The best of John Paul II

Okay…some of the best of JPII. The Splendor of Truth is right up there near the top, for me. He wrote it because the Church addresses the serious issues of the day as they become cultural controversies like human sexuality, the place of the family, the morality of politics and economics.

Today, however, it seems necessary to reflect on the whole of the Church’s moral teaching, with the precise goal of recalling certain fundamental truths of Catholic doctrine which, in the present circumstances, risk being distorted or denied.

This was issued on August 6, 1993, and post-Vatican II distortions and dissent had already caused great confusion for nearly 30 years.

In fact, a new situation has come about within the Christian community itself, which has experienced the spread of numerous doubts and objections of a human and psychological, social and cultural, religious and even properly theological nature, with regard to the Church’s moral teachings. It is no longer a matter of limited and occasional dissent, but of an overall and systematic calling into question of traditional moral doctrine, on the basis of certain anthropological and ethical presuppositions.

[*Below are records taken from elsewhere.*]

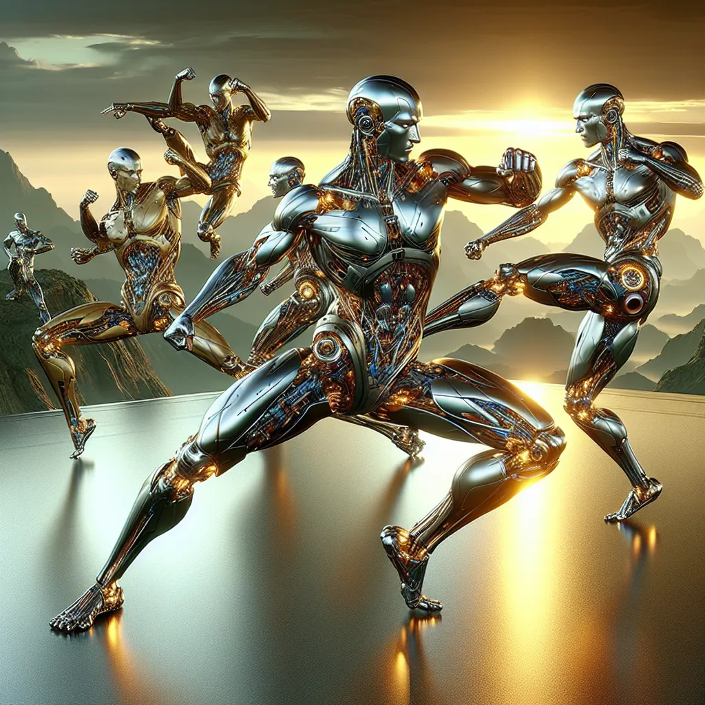 Cyborg's performing martial arts, HDR, masterpiece, ultra-detailed, ultra-realistic
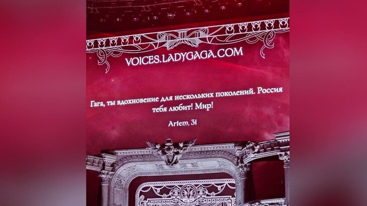 Перед концертом Леди Гаги во французском Лионе на экране появилось обращение к певице на русском языке. СМИ опубликовали фотографию, которая была сделана во время выступления исполнительницы.
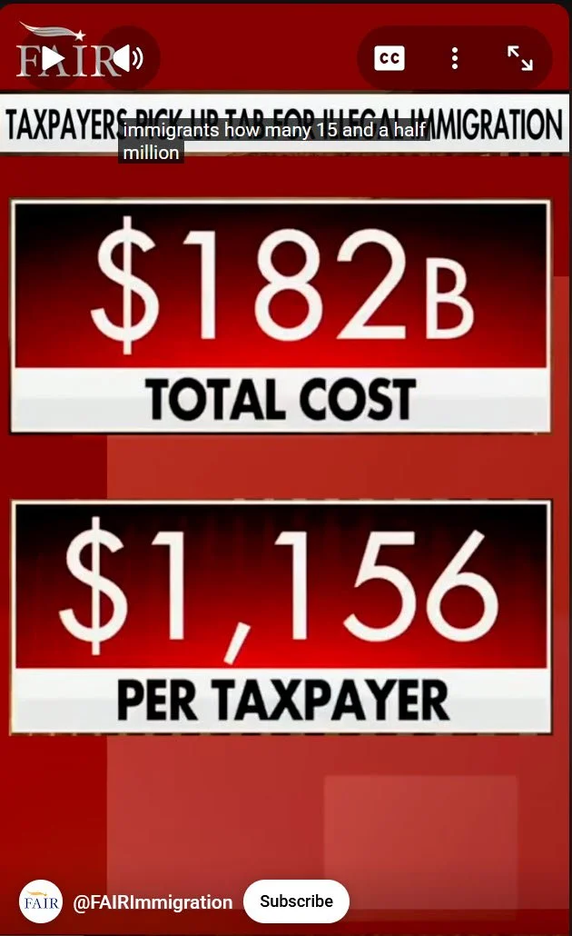 Net Annual Cost: According to a 2024 Heritage Foundation report, the current illegal alien population imposes a net fiscal cost of at least $110 billion per year on U.S. taxpayers. If current trends continue, this is projected to rise to $169 billion annually by 2029.
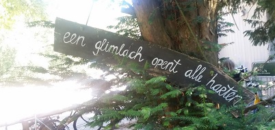 Figuur 4: Zomerzon tussen de takken bij een boom met een welkomstgroet
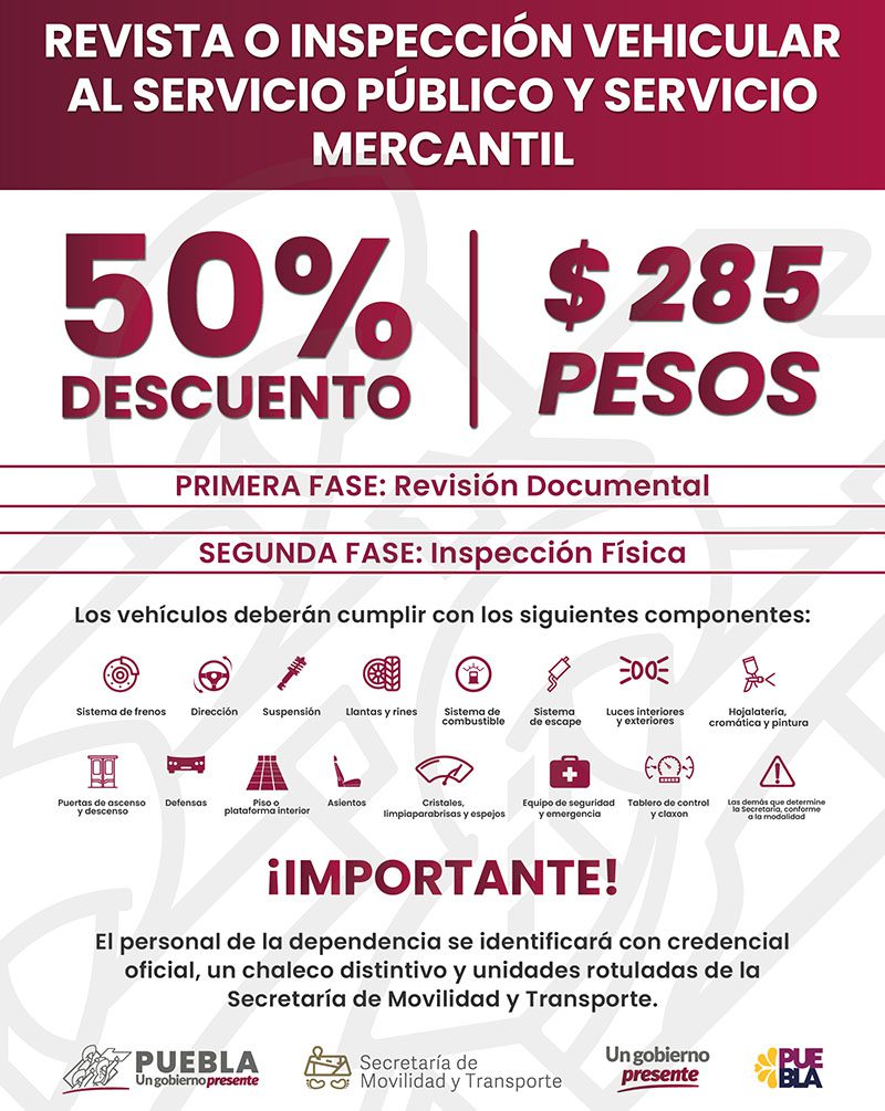 El gobierno presente de Sergio Salomón, a través de las secretarías de Movilidad y Transporte (SMT) y de Planeación y Finanzas (SPF), habilitó un descuento del 50 por ciento en el pago de derechos por el análisis tendiente a verificar que los vehículos destinados al servicio público de transporte, al servicio mercantil de transporte de personas y de carga, así como al servicio ejecutivo, cumplen con las características y condiciones físico-mecánicas para prestar el servicio respectivo.
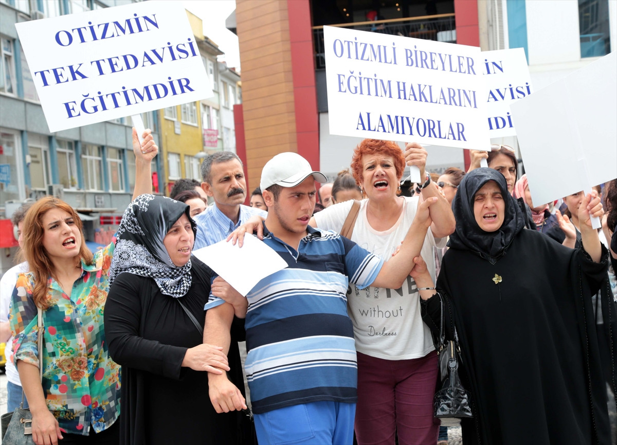 Kadıköy Altıyol'da toplanan otizmli çocuklar ve aileleri, "Otizmin çaresi mezun etmek değildir" yazılı pankart ve "Otizmli bireyler eğitim haklarını alamıyorlar", "Otizmli çocuklar hepimizin çocuklarıdır" yazılı döviz açtı.
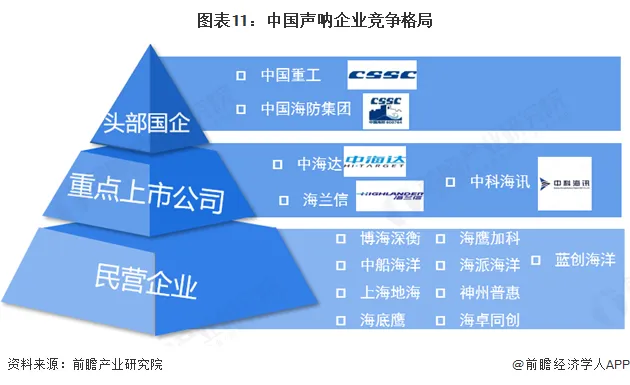 声呐行业企业中以国有企业为领头羊,其中中国重工是大型国有重工企业,在船舶制造及海洋工程领域实力雄厚,在声呐相关技术研发和应用方面有强大的资源和技术储备,主导研发 “潜龙” 系列 AUV,搭载 SLAM 技术用于深海科考。中国海防是水下信息化的龙头企业,通过资产重组实现了对水下探测、通信、对抗、导航的全产业链覆盖,是国内唯一涵盖水声电子全体系科研生产能力的企业,在军工领域具有不可替代性,其拖曳声呐、水下信息系统总体等产品市占率高。此外,中海达、中科海讯和海蓝达等上市公司也是声呐行业中的重点企业。博海深衡等民营企业在声呐行业中也各自凭借一定的技术、产品或市场渠道,在特定细分领域或区域市场占据一席之地。
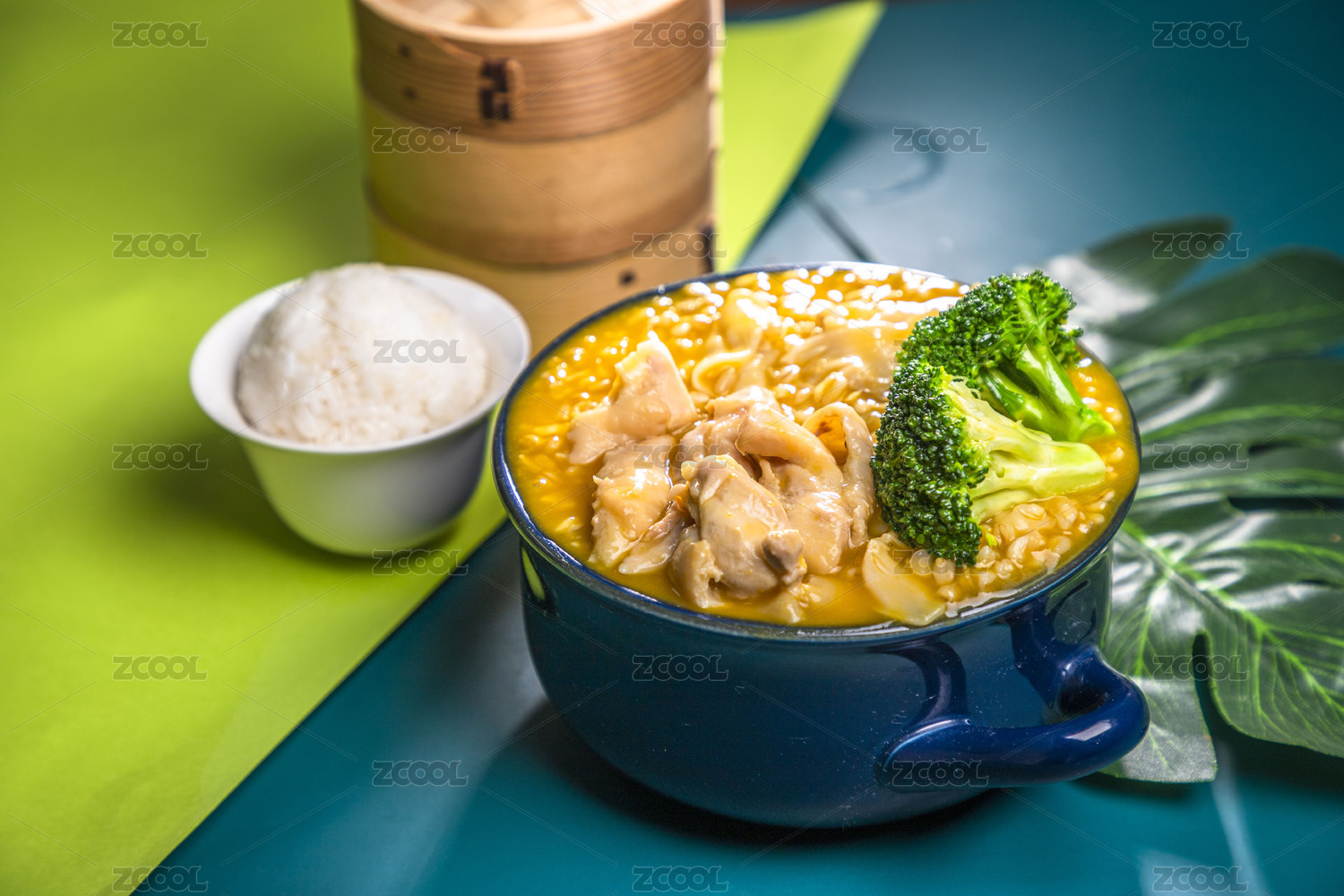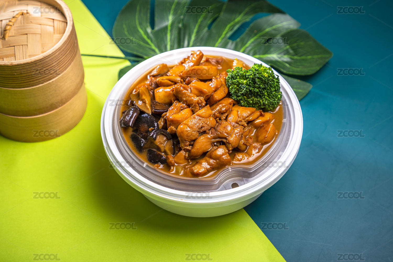 藍綠色卡紙上放著一份鮑汁雞肉撈飯
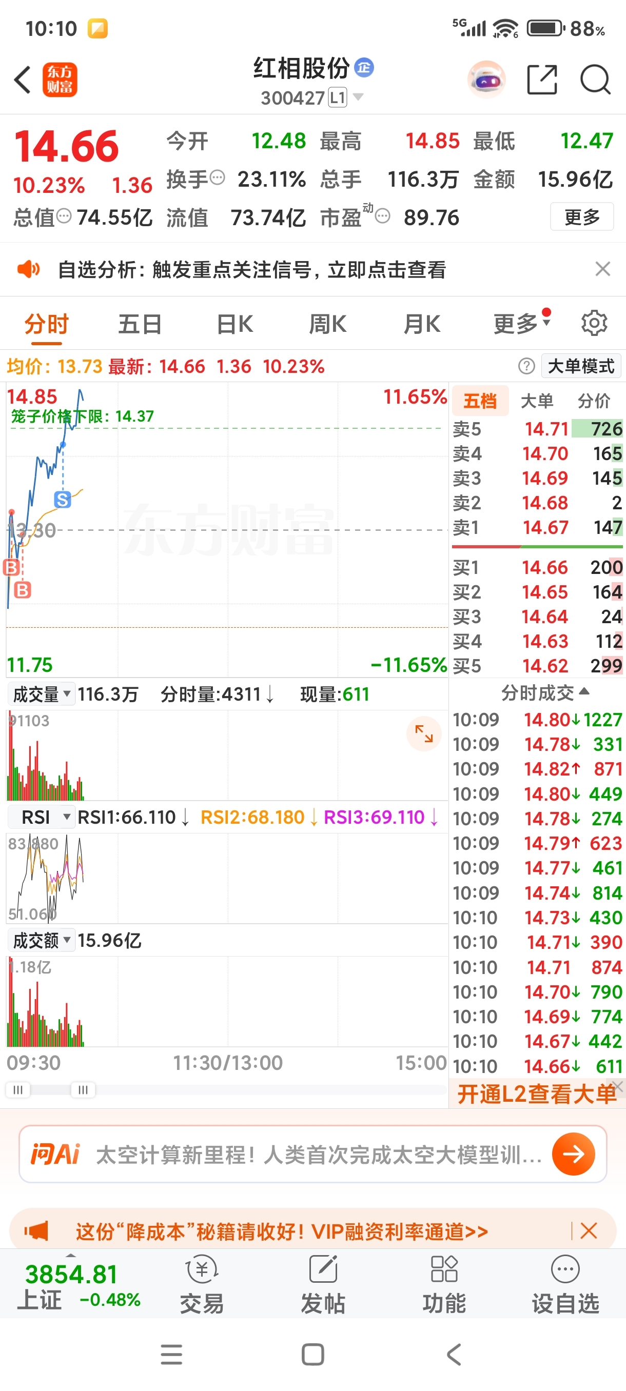 $红相股份(SZ300427)$ 没有T好

Because it was systematic, John Paul could pick it apart and refute it.

At the root of these presuppositions is the more or less obvious influence of currents of thought which end by detaching human freedom from its essential and constitutive relationship to truth. Thus the traditional doctrine regarding the natural law, and the universality and the permanent validity of its precepts, is rejected; certain of the Church’s moral teachings are found simply unacceptable; and the Magisterium itself is considered capable of intervening in matters of morality only in order to “exhort consciences” and to “propose values”, in the light of which each individual will independently make his or her decisions and life choices.

If the natural law is rejected and truth is unacceptable, any belief can and will fill that vacuum. The devastation to society of 34 years of abortion on demand is only one example of that, which is true whether we accept it or not.